Touching on the previous blog: This all has to do with the pump 'n' dump. The bulls and bears probably coordinate the pump n' dump, or they are all one in the same, just as the left/ right paradigm in politics makes people believe that the Democrats and Republicans can't work together, as they continue to pass trillion dollar spending bills. The Market Makers may say, "look we're going to drive the Dow to 30k, before May, and then she's all yours, and then they all put their sell orders in, and go on vacation. 
See:  The Left Right Paradigm Is Over: It's You Versus The Corporations 

Overshoots & Stophunts: 

Once the market overshoots, the algos are loaded at the breakout point (stophunt), and then when that support breaks, program selling takes over. This explains why the market takes the stairs up, and the elevator down, and this is why I spend so much time looking for stop-hunts. This also explains why buyers no longer step in and buy support, on the way down. Back in the day, you used to see buyers step in at support, but nowadays, market selloffs tend to continue in a straight line, with very weak, or non existent, counter-trend rally's. 

Let's use Tech as an example, since this is the most overbought sector of all. Just yesterday it was reported that the UK is more heavily invested in US tech companies, than US investors. This is something we already knew, looking at the $NDAQ index. See: Nasdaq's Nordic Debt Market Continues To Grow

These Nordic socialist countries are all chasing yield in order to sustain their failing pension ponzi scheme; a topic for another day, perhaps.

$NDAQ - overshoots the 2018 high by around 5%, which is probably the gains they're looking for. A self fulfilling prophesy, of sorts. Bullish channel in black remains broken. I've lowered the stophunt to just below the 200 week moving average, and we'll no doubt see bounce at that level, but I'm not seeing a bull market here, only a suckers rally, created by more bad Fed policy. A liquidity bubble.   

Getting back to more obvious overshoots. 

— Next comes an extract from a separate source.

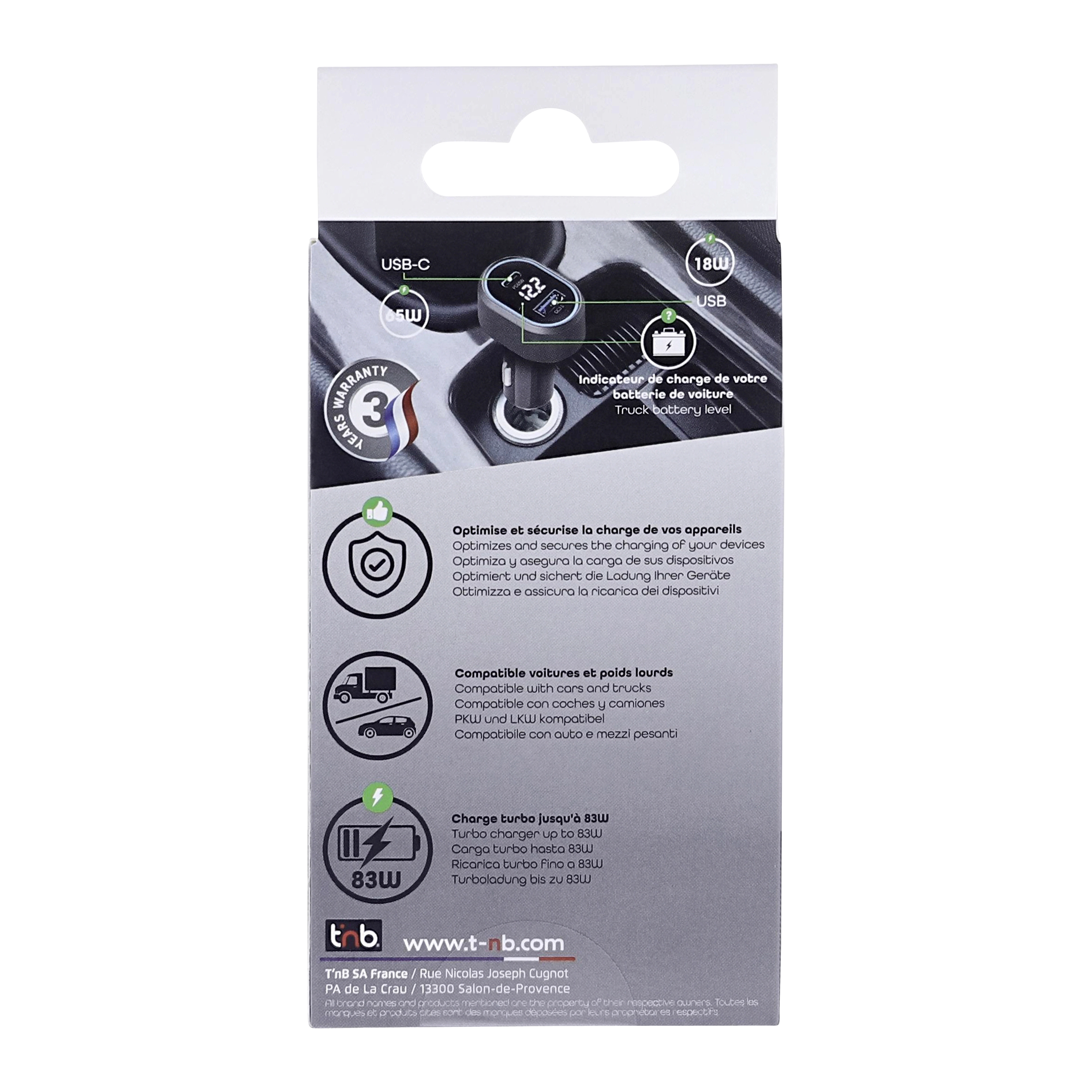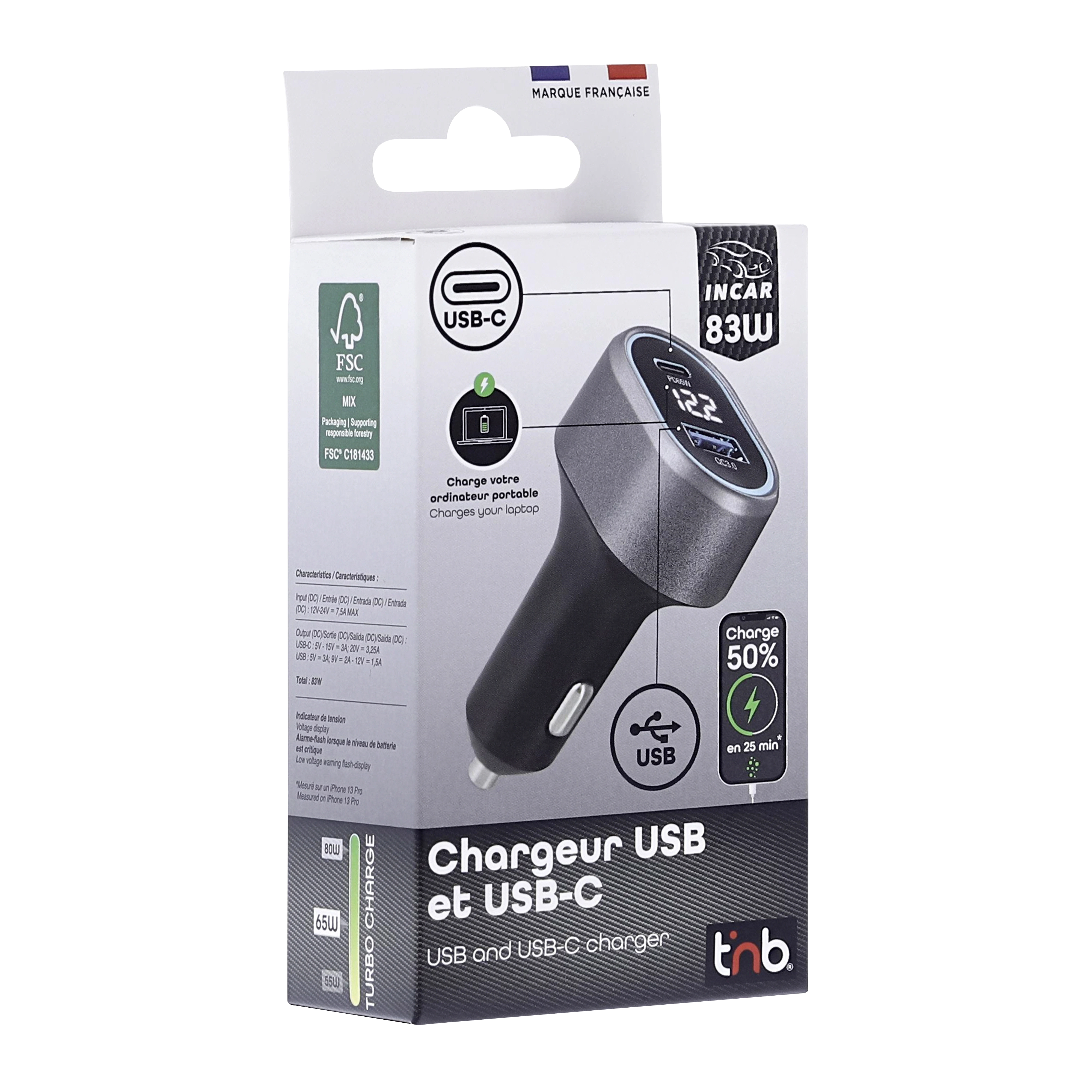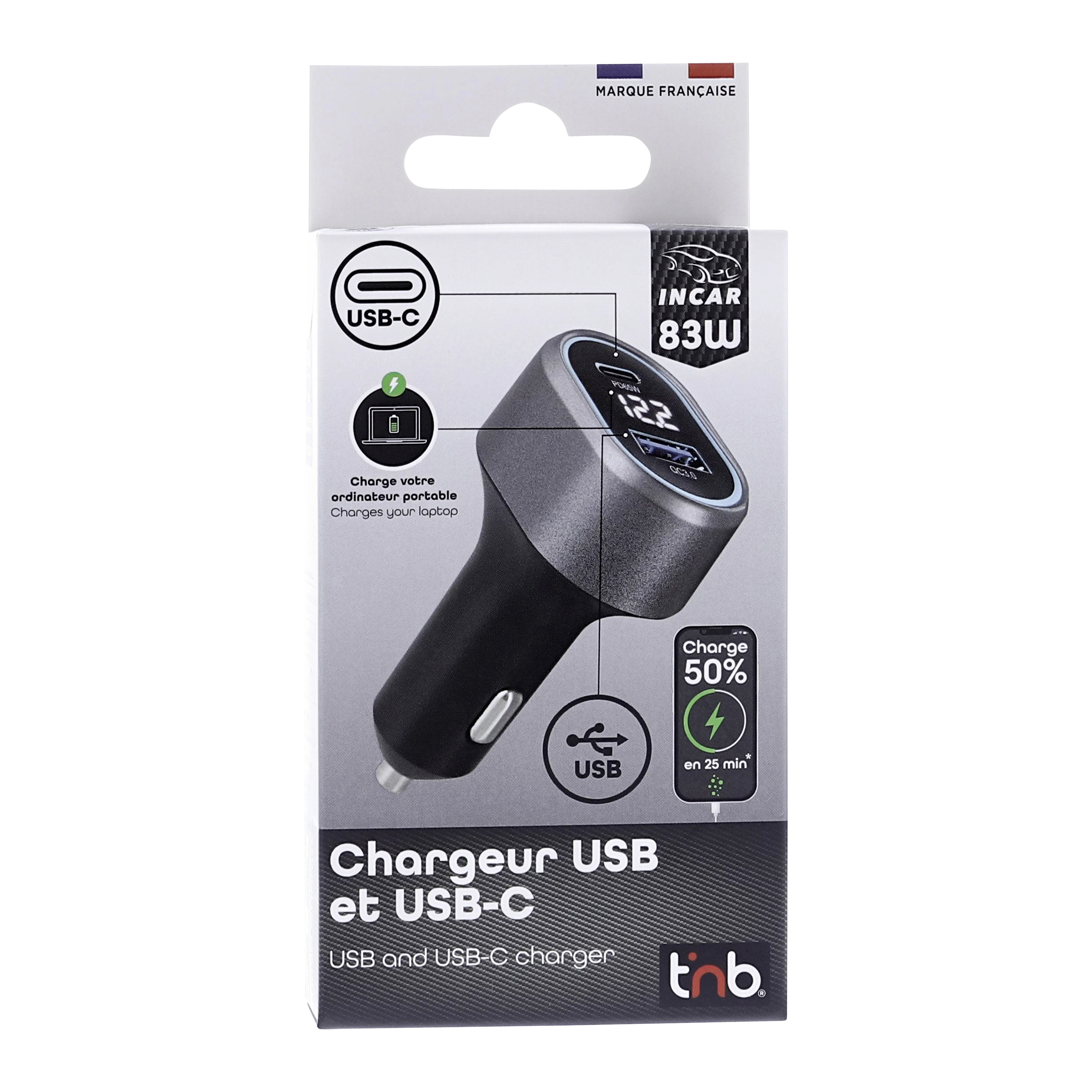 Do you want to quickly charge your phone, tablet and even laptop in your vehicle? Equipped with the latest turbo charging technologies, this high-power cigarette lighter charger gives you the possibility to charge your laptop in your vehicle! The CACPOWER has 2 outputs to quickly charge 100% of mobile devices on the market: - USB-A QC3.0 port for a power of 18W - USB-C PD port with a power of 65W: capable of charging a smartphone, a tablet and a laptop (<17 inches) The maximum total power of the charger is 83W A digital display is present on the charger and will tell you the voltage of your vehicle. The CACPOWER combines a neat, premium and compact design with high charging power

$NDX Using the 2 year $NDX chart as an example - Looks like the price action overshot both parallel upper channel lines. Tech has been leading for years, so let's say the bullish target was 9000, and momentum has carried it slightly higher, or maybe we're waiting for DOW 29k? The top of the channel becomes the stop-hunt just above the 8700 level. That would be a 200 point overshoot, and that's probably enough to shake most retail short sellers, but what will happen when the price action falls back into the channel, is very predictable. 

$NDX - looking at another set of parallel trend lines, the target looks like 9175 - 9200, depending on how how long it takes.... Support at my pink line becomes the stop hunt, or the upper blue line, if this happens to overshoot, which I doubt. 
$DJUSTC - This the DOW Tech index, and you can see where it slightly overshot the 2500 level 
Again, not a bull market, but a massive head fake rally, caused by the desperate central bankers.

$SPX - Some Elliotticians believe this is a bullish wave 3, so I've labelled it as such. If they're right then we should only consolidation in wave 4, over the next few months.
looks like a little overshoot above my red line, and we saw yesterday's rally sold. I think this could retest, or even overshoot... and then this 3280 level becomes the stophunt. We'll have to see how the market reacts to signing of Trump's historic China Trade Deal.  

$SOX probably looks the worst, with the $SOXL taking out yesterday's upside target. The Hedge funds have been using these leveraged fund to manipulate stocks higher, since James Cramer was seen complaining about the bears using these funds to crash the market, back in 2008. Didn't take long for the bulls to turn the tables....

$SOXX - the ETF looks like it's overshot the upper channel again. It's technically a higher high, but
not a bullish breakout. 

It's possible the price action could hold above the top of the channel for a while, but I don't see this as a bullish wave 3.

You'll find a link to my public charts area at, in the left hand menu, the legend (to the charts) tab, at the top of this page. 

Should be an interesting next few weeks, and trading in 2020.